Our contributions are the following:

1. We build upon and extend the procedure introduced by Vashishth et al. [12] for creating the English WikiMed dataset and construct a German dataset for biomedical entity linking called WikiMed-DE, which we make publicly available 6 ; WikiMed-DE is annotated with a wide range of concepts from the UMLS; a subset of this dataset, WikiMed-DE-BEL, can be readily used for training broad-coverage biomedical entity linking systems for German. 2. We provide an extensive description of the steps and resources required to create the dataset, as well as a public code repository 7 ; this makes it straightforward to apply the procedure for creating similar datasets for other languages, or for updating the dataset once new information is available in Wikipedia and Wikidata.

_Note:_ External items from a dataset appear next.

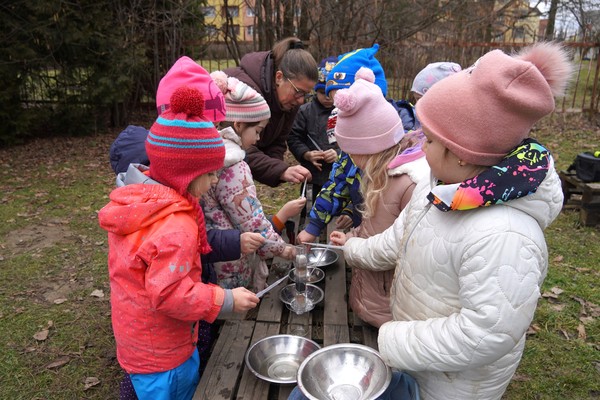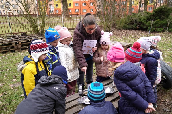 Jednou z pravidelných aktivit je kroužek Přírodníček, který se koná přímo na zahradě mateřské školy. Děti se při něm seznamují s přírodními materiály, pozorují rostliny i drobné živočichy a učí se vnímat proměny přírody v průběhu roku. Aktivity jsou vedeny hravou formou a přirozeně podporují dětskou zvídavost, samostatnost i fantazii. „Tentokrát jsme s dětmi hledali vodu ve všech koutech zahrady, sbírali ji pipetou na další pokusy, zkoušeli filtraci pomocí jednoduché filtrační sestavy, pozorovali změny barvy a společně jsme vše zhodnotili. Pustili jsme se také do tvořivých aktivit z bláta a hledali jsme odpovědi na otázku, jak se hlína proměnila v bláto,“ popsala učitelka Marcela Navrátilová, která ekologické aktivity ve školce od samého počátku zaštiťuje, dokáže do nich poutavě a zcela nenásilně vtáhnout jak děti, tak i jejich rodiče a provozní zaměstnance.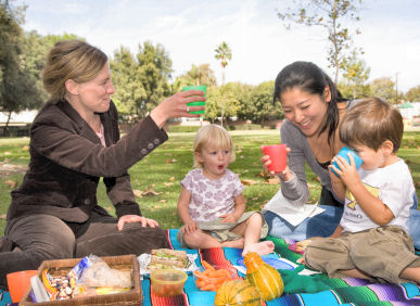 Eating well means stopping when you’re no longer hungry, and including a fruit and vegetable with every meal—even when you’re out picnicking. |
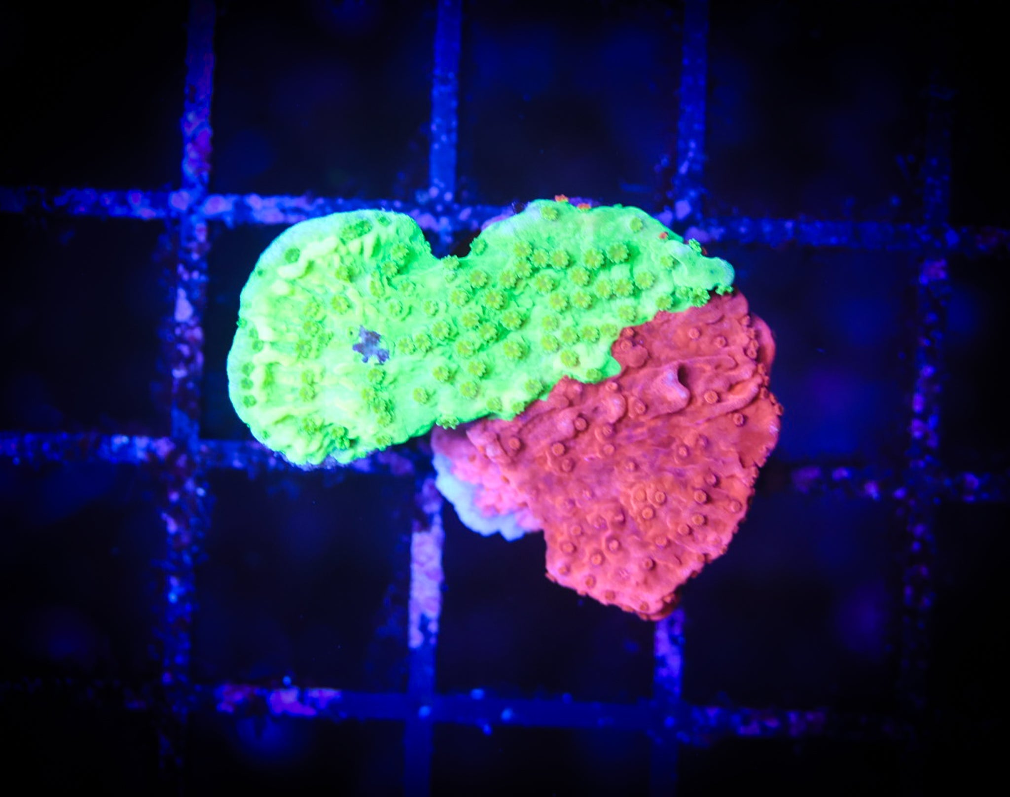 Montipora are a genus of small polyp stony corals found in reefs throughout the world. Montipora are some of the most diverse SPS corals available. They come in a huge variety of growth forms such as plating, encrusting, and branching as well as just about every color imaginable. Montipora benefit from clean water, stable conditions, bright light, and strong flow.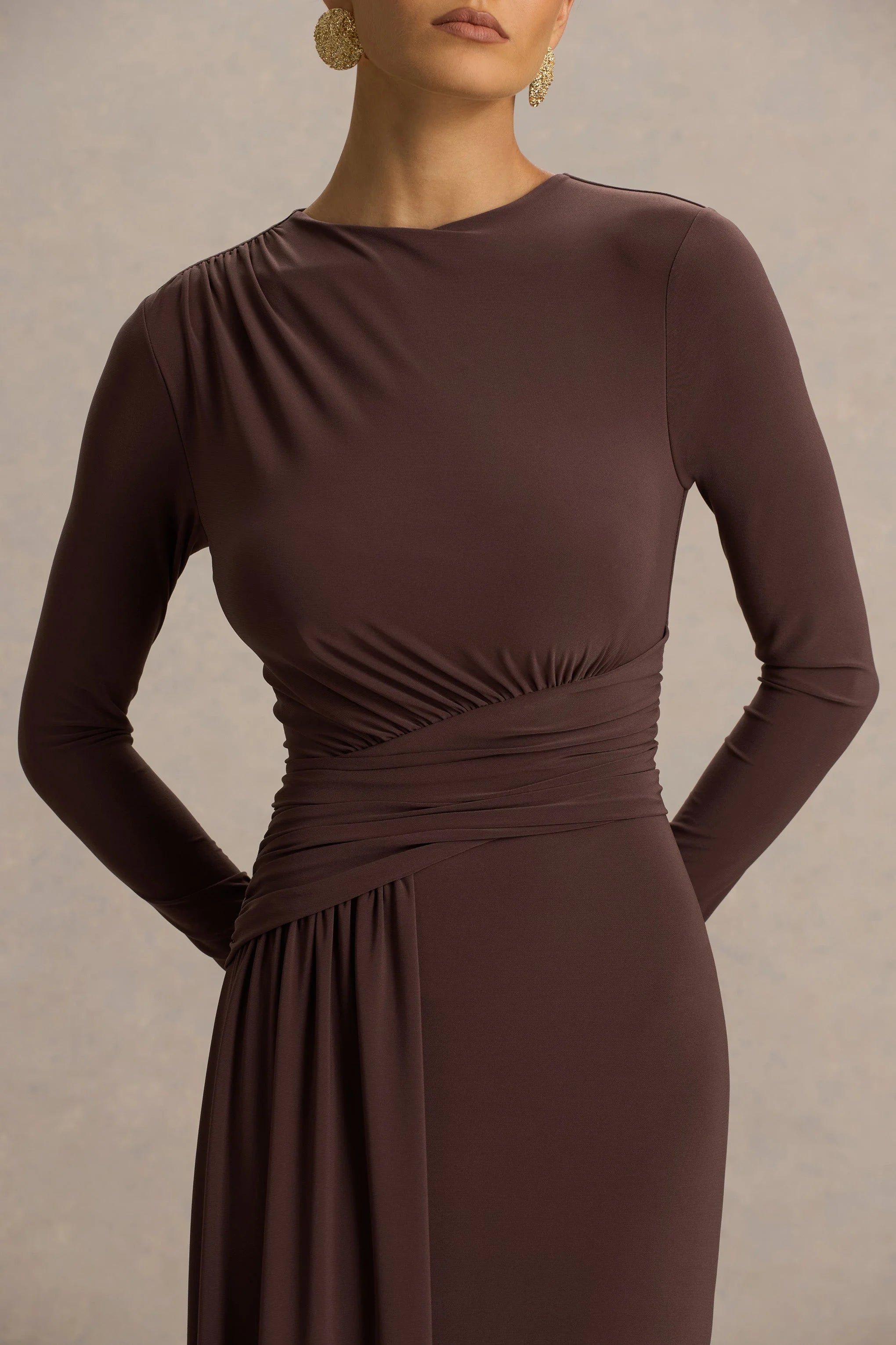 Sophisticated with a sultry twist, Virelle is the ultimate figure-enhancing maxi for statement-making evenings. Crafted from our premium stretch jersey in a deep, brown hue, this design smooths and sculpts the body effortlessly. The classic boat neckline balances the dramatic, asymmetric wrap detail that draws the eye and defines the waist. Finished with flattering ruching and a soft sash that cascades elegantly over the skirt, Virelle is the perfect blend of timeless style and contemporary edge.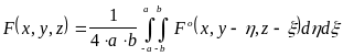 Послеимплантационное трехмерное пространственное распределение примеси F(x,y,z) моделируется посредством использования интеграла статистической функции распределения по переменным ,

The remainder of this article is organized as follows: Section 2 provides an overview of the related work, Section 3 introduces the knowledge sources used to create WikiMed-DE, Section 4 describes the methodology used to construct WikiMed-DE, Section 5 presents the statistics of the dataset and asseses its quality, Section 6 discusses the limitations of WikiMed-DE and concludes the paper.

Related Work

Datasets in the BEL domain typically focus on annotating biomedical entities from existing ontologies. A point in case is the BC6BioID [13] dataset published for the BioCreative challenges, which focuses on identifying genes or chemicals in English text and maps them to ontologies like the Gene ontology 8 . It consists of 17,883 documents and 133,033 mentions referring to 7,652 unique concepts.

Medical Concept Normalization (MCN) [14] is a dataset that focuses primarily on annotating entities of clinical utility, such as disorders, problems, tests, and treatments in discharge summaries written in English. These entities are mapped to widely adopted medical terminologies, such as the UMLS and the International Classification of Diseases (ICD) 9 . MCN consists of 100 discharge summaries and provides normalization for a total of 10,919 concept mentions corresponding to 3,792 unique concepts.

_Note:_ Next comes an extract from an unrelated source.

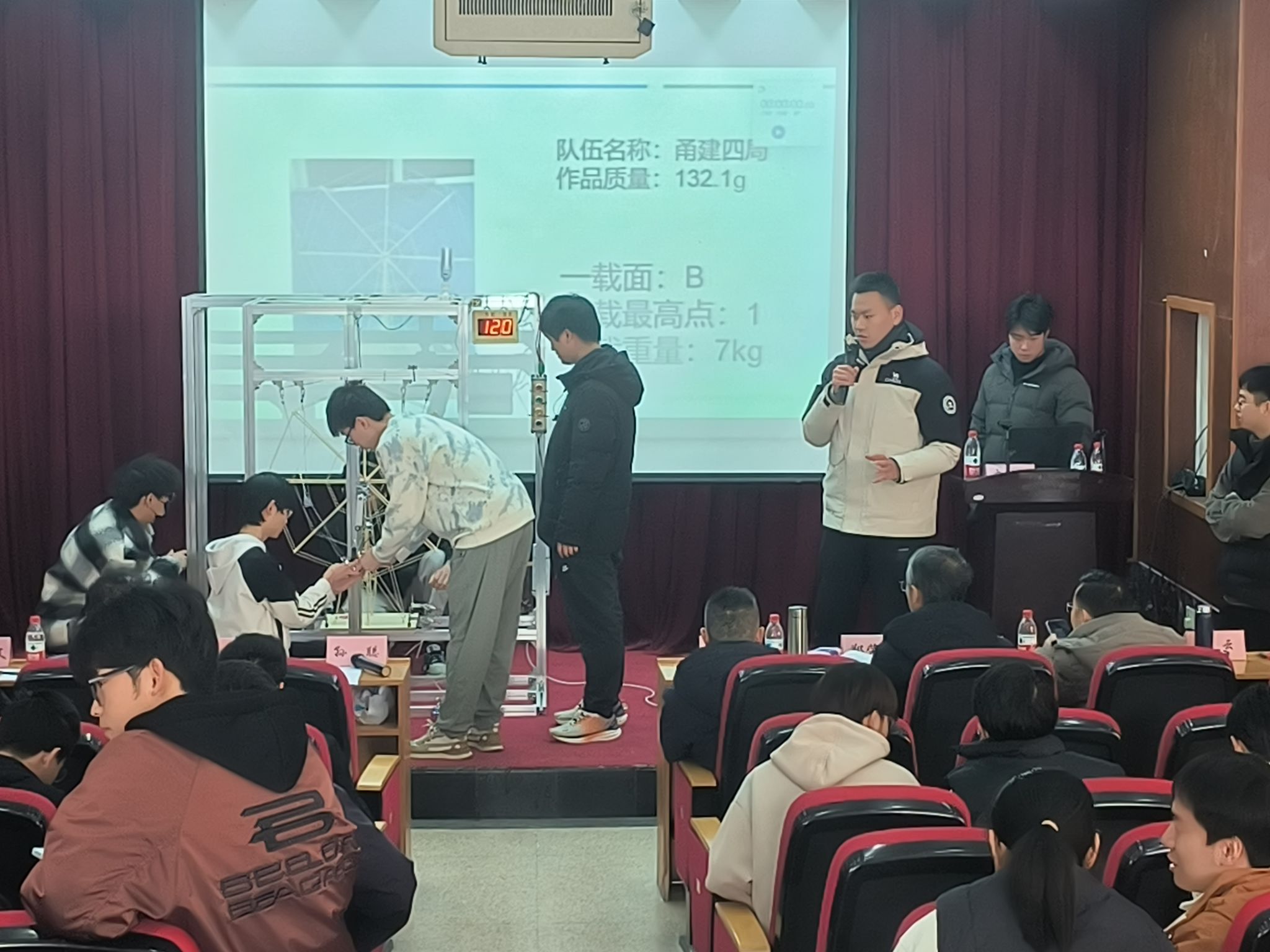 本届竞赛以“创新结构·极限承重”为核心挑战,参赛队伍需在规定时间内完成理论答辩与加载测试。比赛现场,选手们通过精密计算与巧妙设计,用竹皮、胶水等基础材料制作出兼具轻量化与高承载力的结构模型。在紧张刺激的加载测试环节,各团队依次接受竖向静载、动态冲击等多重考验。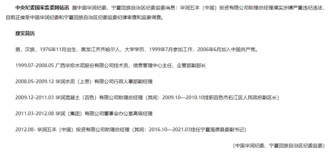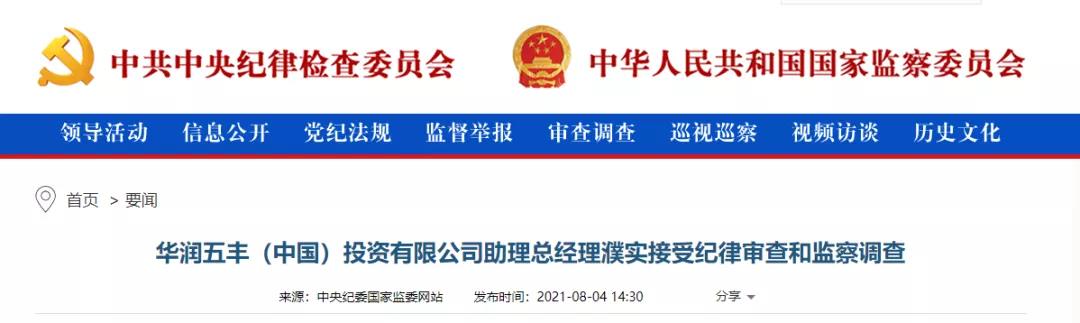 中央紀(jì)委國(guó)家監(jiān)委網(wǎng)站訊據(jù)中國(guó)華潤(rùn)紀(jì)委、寧夏回族自治區(qū)紀(jì)委監(jiān)委消息:華潤(rùn)五豐(中國(guó))投資有限公司助理總經(jīng)理濮實(shí)涉嫌嚴(yán)重違紀(jì)違法,目前正接受中國(guó)華潤(rùn)紀(jì)委和寧夏回族自治區(qū)紀(jì)委監(jiān)委紀(jì)律審查和監(jiān)察調(diào)查。

The NCBI disease corpus [2] provides annotations of disease mentions along with their corresponding concepts, which are represented using either MeSH or Online Mendelian Inheritance in Man (OMIM) 10 identifiers. The corpus contains 6,892 disease mentions mapped to 790 unique concepts for a collection of 793 PubMed abstracts written in English.

MedMentions [3] is a biomedical dataset containing 4,392 PubMed abstracts annotated with 203,282 mentions. Mentions are linked to UMLS concepts as well as to UMLS semantic types.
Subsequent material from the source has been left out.